Abstract

Over the last decade, an increasing number of academic discourse studies have placed great emphasis on the concept of identity and the way(s) it is manifested in academic writing. Research on the field has suggested that academic writing is not completely impersonal, but that writers gain credibility by projecting an identity invested with individual authority (Ivanic 1998; Hyland 2001, 2002; Flottum 2005; Bondi 2007). As a further contribution to our understanding of the issue, the present paper explores some linguistic and discursive features that the interacting voices characterising the dialogic and argumentative practice in the genre of the academic book review article use to project their personal identities. Our own interest in this study is to investigate the construction of identity in different academic disciplinary discourses, in the area of the humanities and the social sciences: linguistics, history and economics have been chosen as case studies.

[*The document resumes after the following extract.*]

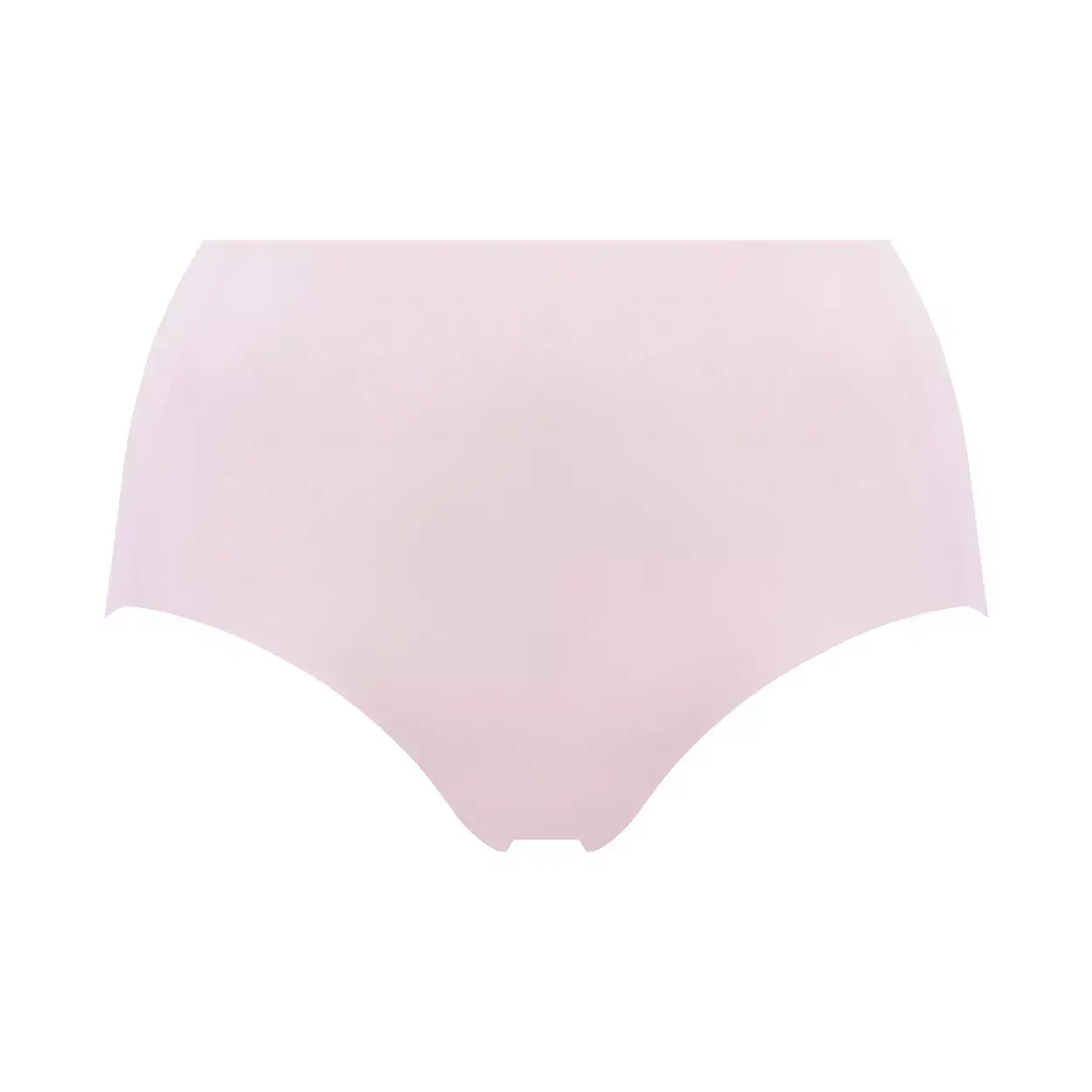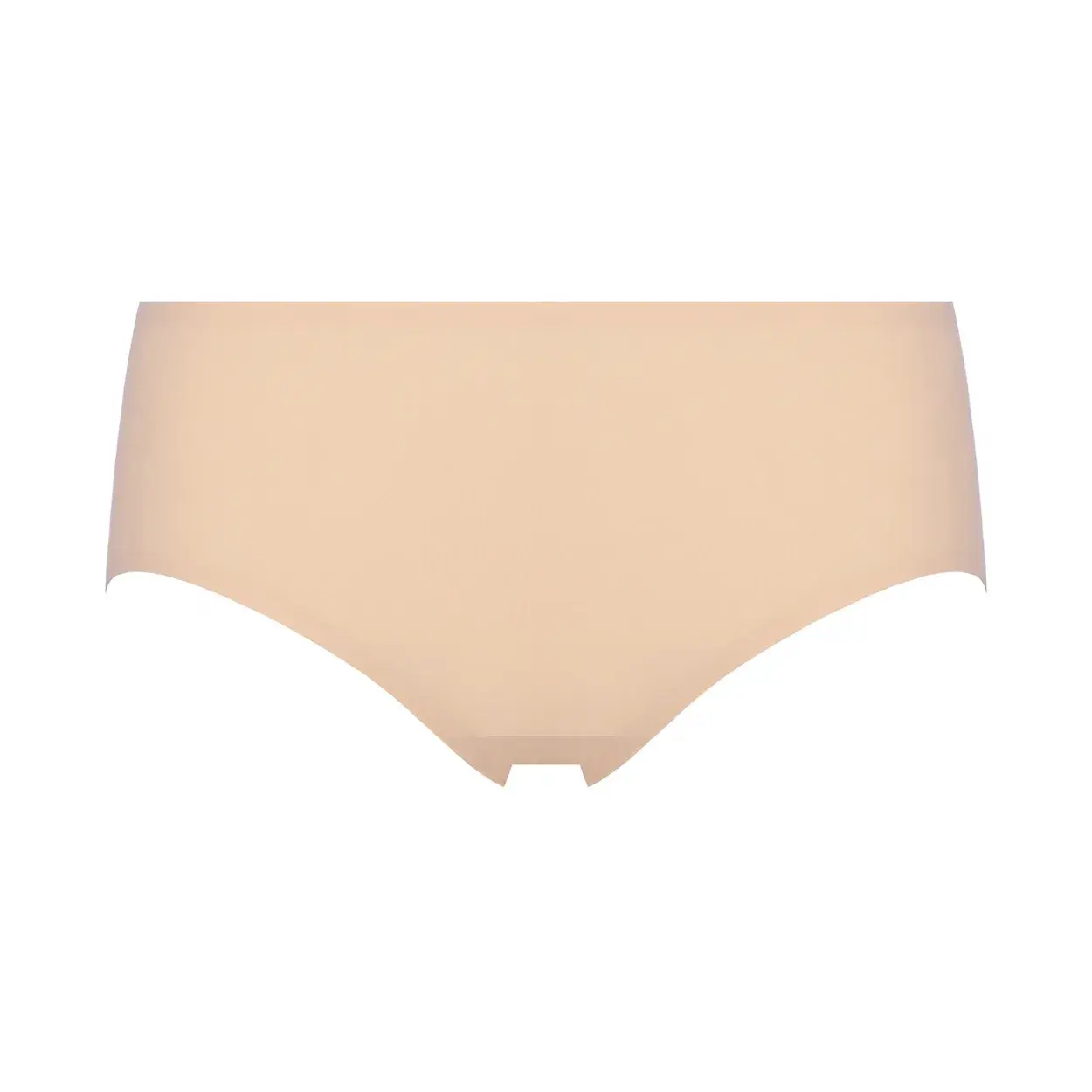 身生地は吸水速乾機能があり、ふんわり柔らかです。接着技術を使用した無縫製のショーツ。生地端が切りっぱなしで、マチシームもないのでパンツスタイルにぴったりです。はきこみ丈は深めです。

Using corpus-based methods, the study tries to establish whether cross-disciplinary variation can be observed in the way the various voices involved in the evaluation of academic research manifest themselves (i.e. the authorial voice of the reviewer and other textual voices like the reviewed author’s voice). Particular attention will be paid to the lexico-grammatical categories of person pronouns, proper names, and verbs lexicalising certain cognitive and verbal processes signalling the argumentative dialogue between the writer-as-reviewer and the reviewed author or the other experts, members of the scientific community. A quantitative analysis of the corpus data reveals significant distributional trends across disciplines, and a qualitative analysis of concordance lines confirms that these trends are motivated by discipline-specific practices.